WIELKIE problemy z dokoceniem - niby normalne życie:)

blaski i cienie życia z kotem

Moderator: Estraven

Post » Wto paź 23, 2007 17:54

Dzięki za wsparcie i porady :)

Karolka - kuracja kroplami Bacha zaczęla się przed moim wyjazdem do Nałęczowa, ale efektów żadnych wtedy nie było. Także poznałaś Fifiego na początku kuracji, ale zmiana w jego charakterze nie dotyczy jego realcji z Dużymi 8)

Izo - wydaje mi się, że to co napisałaś to cała prawda o sytuacji moich kotów. Jestem pewna, że na siłe łączyć ich nie bedę, napewno nie kosztem Kiki. Nie lubię dokonywać gradacji uczuć jakimi darzę moje koty, ale prawda jest taka, że Kika jest najważniejsza :? Ja muszę bardzo dbać o ukochaną kotkę moich Rodziców.

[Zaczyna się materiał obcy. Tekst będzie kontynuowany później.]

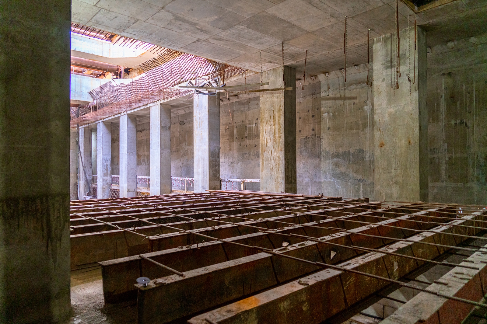 При строительстве станции «Нижегородская» применили технология top-down, когда подземная часть возводится «сверху-вниз» от уровня земной поверхности. Сначала бетонируют перекрытия и сваи-колонны, а потом работы идут вглубь с возможностью параллельного строительства сооружений на поверхности. Это позволяет работать в условиях плотной застройки и экономит время.
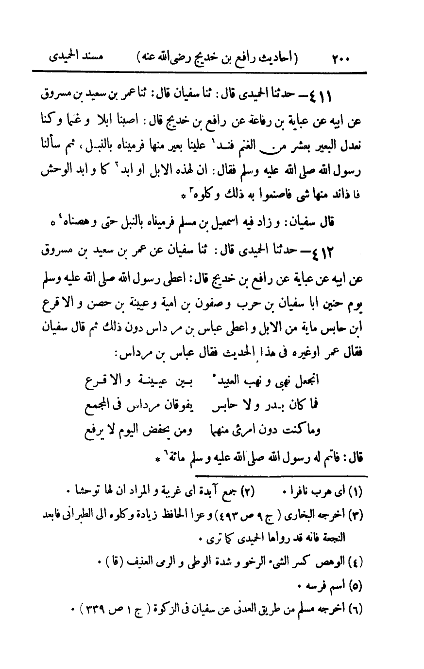 412 - حدثنا الحميدي قال ثنا سفيان عن عمر بن سعيد بن مسروق عن أبيه عن عباية عن رافع بن خديج قال : أعطى رسول الله صلى الله عليه و سلم يوم حنين أبا سفيان بن حرب وصفوان بن أمية وعيينة بن حصن والأقرع بن حابس مائة من الإبل وأعطى عباس بن مرداس دون ذلك ثم قال سفيان فقال عمر أو غيره في هذا الحديث فقال عباس بن مرداس ... أتجعل نهبي ونهب العبيد ... بين عيينة والأقرع ... ... فما كان بدر ولا حابس ... يفوقان مرداس في المجمع ... ... وما كنت دون امرئ منهما ... ومن يخفض اليوم لا يرفع ... قال فأتم له رسول الله صلى الله عليه و سلم مائة
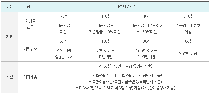 ※ 기업규모 : 법인의 경우 법인등록번호를 기준(본사+지사)으로 판단하며, 개인사업장의 경우 사업주 주민등록번호를 기준으로 판단합니다.
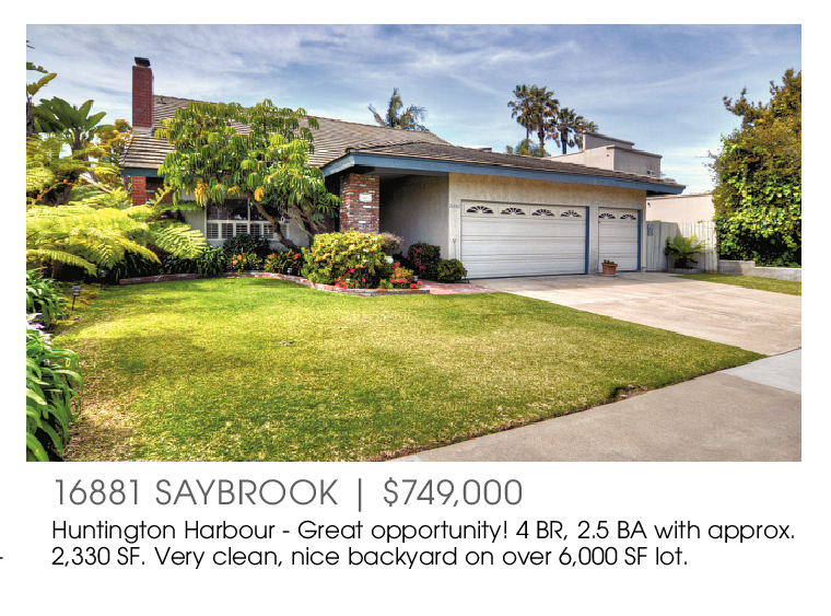 16881 SAYBROOK | $749,000 Huntington Harbour - Great opportunity! 4 BR, 2.5 BA with approx. 2,330 SF. Very clean, nice backyard on over 6,000 SF lot.
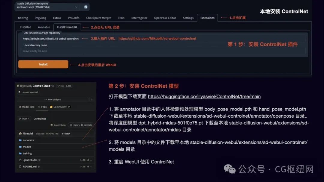 点击扩展,选择从 URL 安装,输入插件地址 https://github.com/Mikubill/sd-webui-controlnet ,点击 Install 后重启 WebUI。
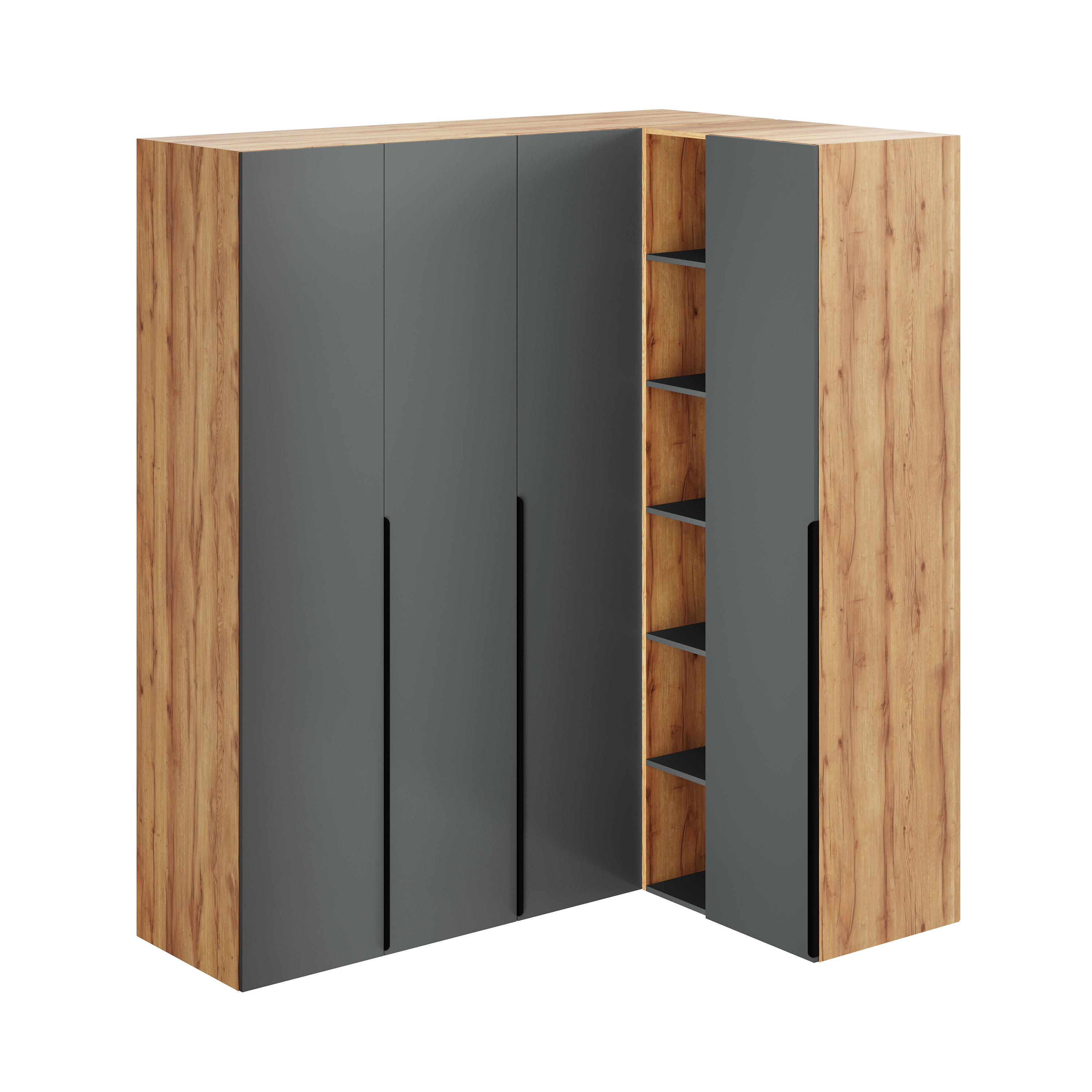 Распашной шкаф + угловой шкаф + стеллаж переходной + пенал коллекции Брайт Графит
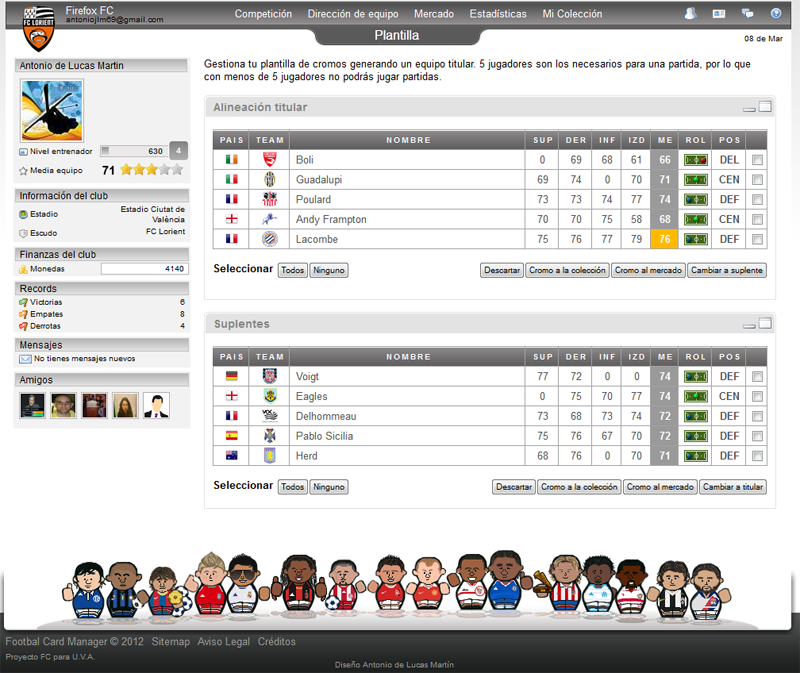 Mis funciones en el proyecto: Diseño de interfaces, comunicación entre usuarios, programación POO php (web) y Java EE (backend), diseño de la BD, creación de los ficheros maestros (cromos), arte y documentación.
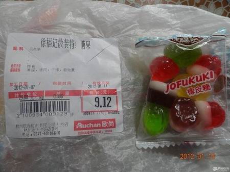 我找出新闻爆料源指的两张照片,发现蹊跷。“低价”欧尚的标签是特*(空白)糖果,“高价”联华是特级糖果。依欧尚价签的有效期,加工日期2012年1月7日,有效日期2012年1月14日,现存保质期7天,而徐福记此类糖果的保质期通常在18-24个月,要么这是快过期的“临保产品”特价处理,要么这张价签是假的。
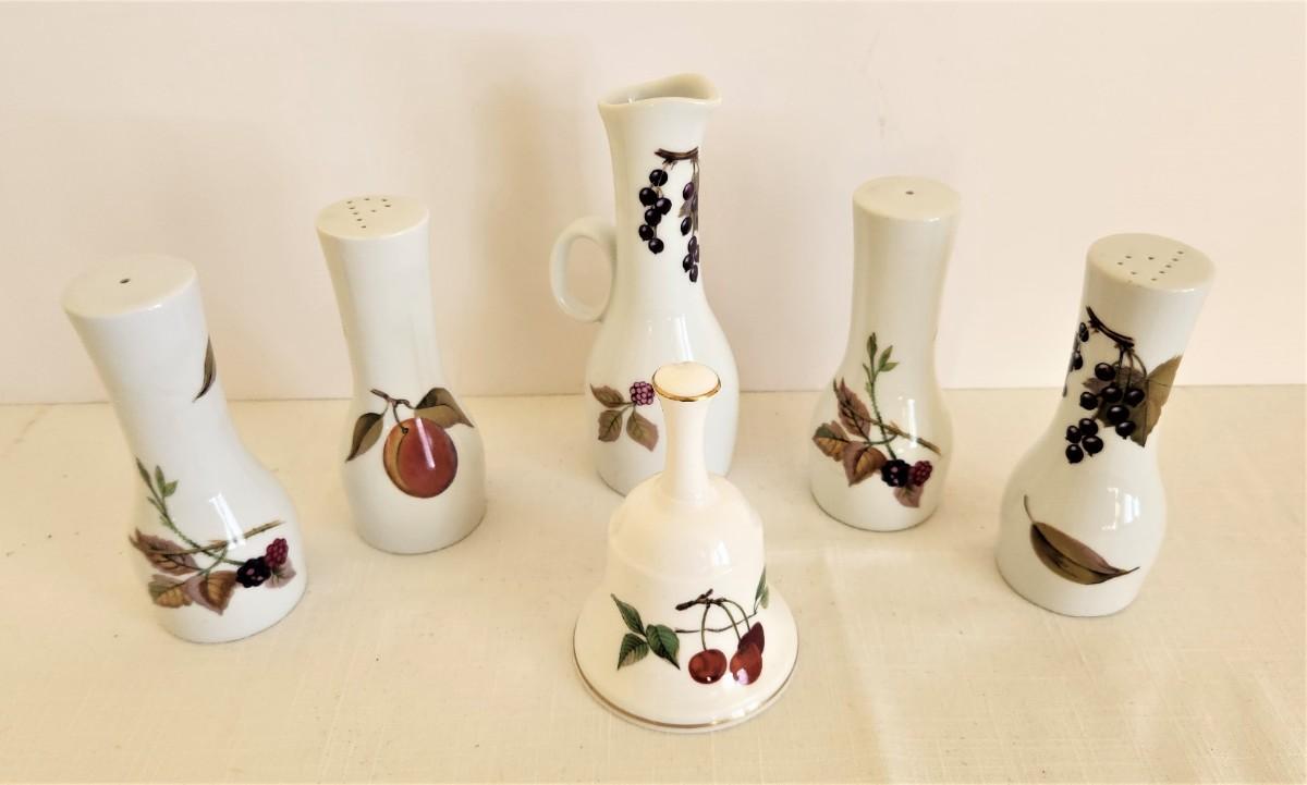 Lot #167 Royal Worcester "Evesham" Bell, Salt/Pepper, Cruet
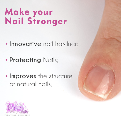 Smalto Indurente per Unghie Fragili, Trattamento per unghie dalla formulazione speciale indicato per unghie molto deboli, fragili o visibilmente stressate. L’Indurente per Unghie Pics Nails può essere utilizzato al posto della Base Coat come base per Smalto oppure Applicato da solo come Smalto Trasparente. Consigliamo di sostituitlo due/ tre volte alla settimana; essendo un Trattamento Curativo necessita di alcune settimane per agire in Profondità nella Lamina Ungueale. Suggeriamo l’applicazione dell’ indurente per Unghie 1 volta al giorno con uno o due strati di applicazione, continuando con l’applicazione fino all’ottenimento di un risultato soddisfacente delle proprie unghie. Può essere usato come una Base Coat prima dell’applicazione dello smalto colorato oppure da solo come Smalto Trasparente, grazie al suo colore ambrato trasparente ed al suo finish lucido. Si rimuove con il Solvente Senza o con Acetone. La sua asciugatura è rapida con i suoi 2 min. di asciugatura completa
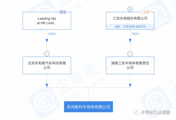 3月23日,理想汽车与三安光电投资成立了苏州斯科半导体公司。企查查股权穿透显示,该公司由理想汽车关联公司北京车和家汽车科技有限公司、三安光电全资子公司湖南三安半导体有限责任公司共同持股。经营范围含电力电子元器件、半导体分立器件制造销售;电子元器件制造等。
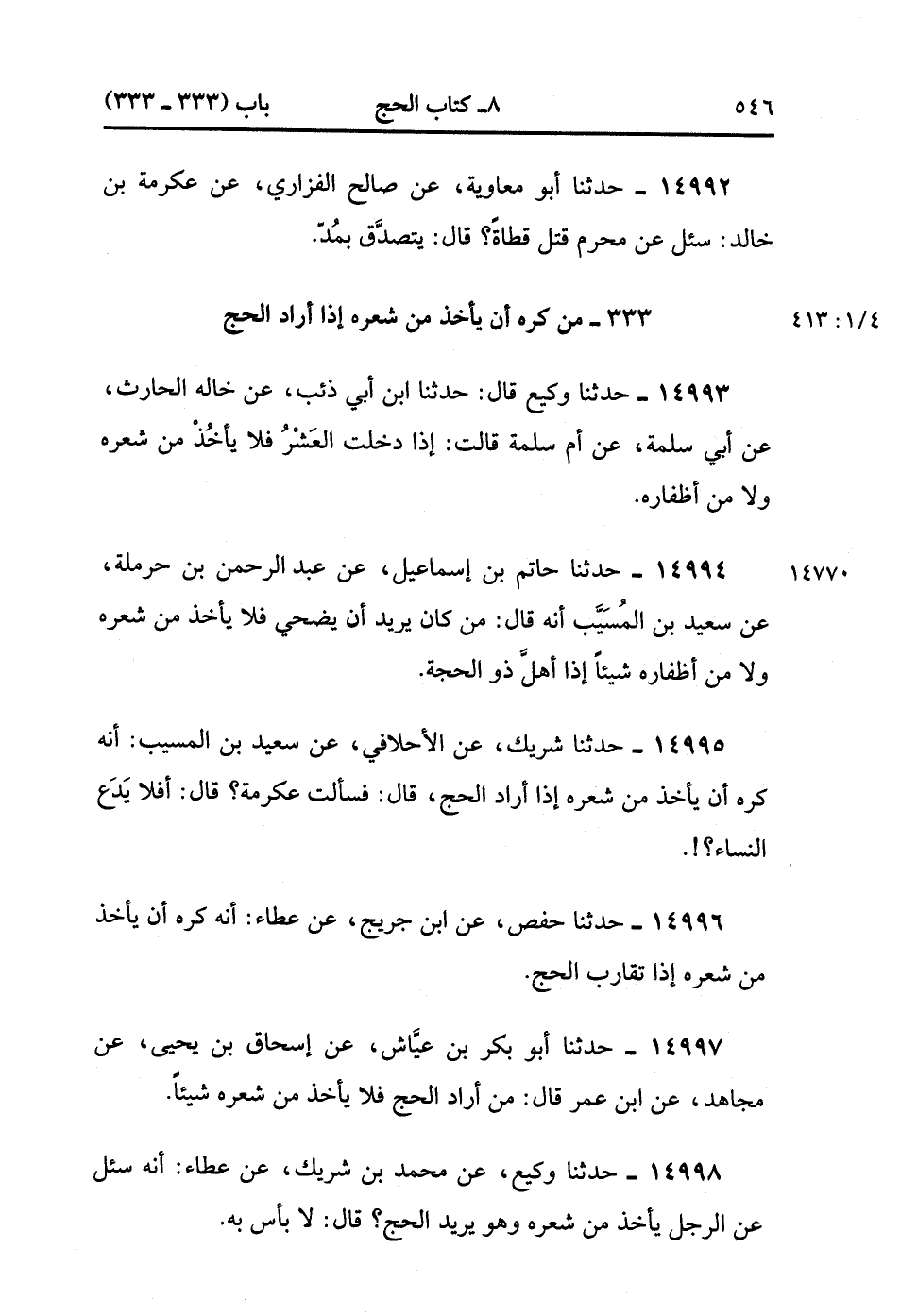 14998- حدَّثَنَا وَكِيعٌ ، عَنْ مُحَمَّدِ بْنِ شَرِيكٍ ، عَنْ عَطَاءٍ ؛ أَنَّهُ سُئِلَ عَنِ الرَّجُلِ يَأْخُذُ مِنْ شَعْرِهِ وَهُوَ يُرِيدُ الْحَجَّ ؟ قَالَ : لاَ بَأْسَ بِهِ. (4/413:1).

Wawe - też myślałam o środkach uspokajających dla Kiki, ale wtedy to pozostale koty też musiałyby dostawać :lol: No bo równowaga w naturze musi być :roll: Kika - na uciszenie stresu, a Mimi i Fifi na ograniczenie agresji. Tylko nie wiem czy moi weci zgodzą się na to bo Kiki ma chorą wątrobę. Pomysł z transporterkami ciekawy, u mnie każdy kot ma swój "pojazd". Tylko Kika na sam zapach dwóch kotów złych reaguje warczeniem i telepką. W samochodzie to transportery kotów złych sa na tylnym siedzeniu, a Kika jak królowa na przednim. Raz jak czekaliśmy na wizytę u weta transporterek Kiki został postawiony na transporterze Fifiego - warczenie i darcie mordki w wydaniu Kiki cała okolica słyszała :?

Otka - pojedynczo też próbowałam, ale nie pamietam czy o tym pisałam. Fifi i Mimi oddzielnie atakują, drugie wtedy zwiewa i udaje, że nie wie co ten Kice robi 8)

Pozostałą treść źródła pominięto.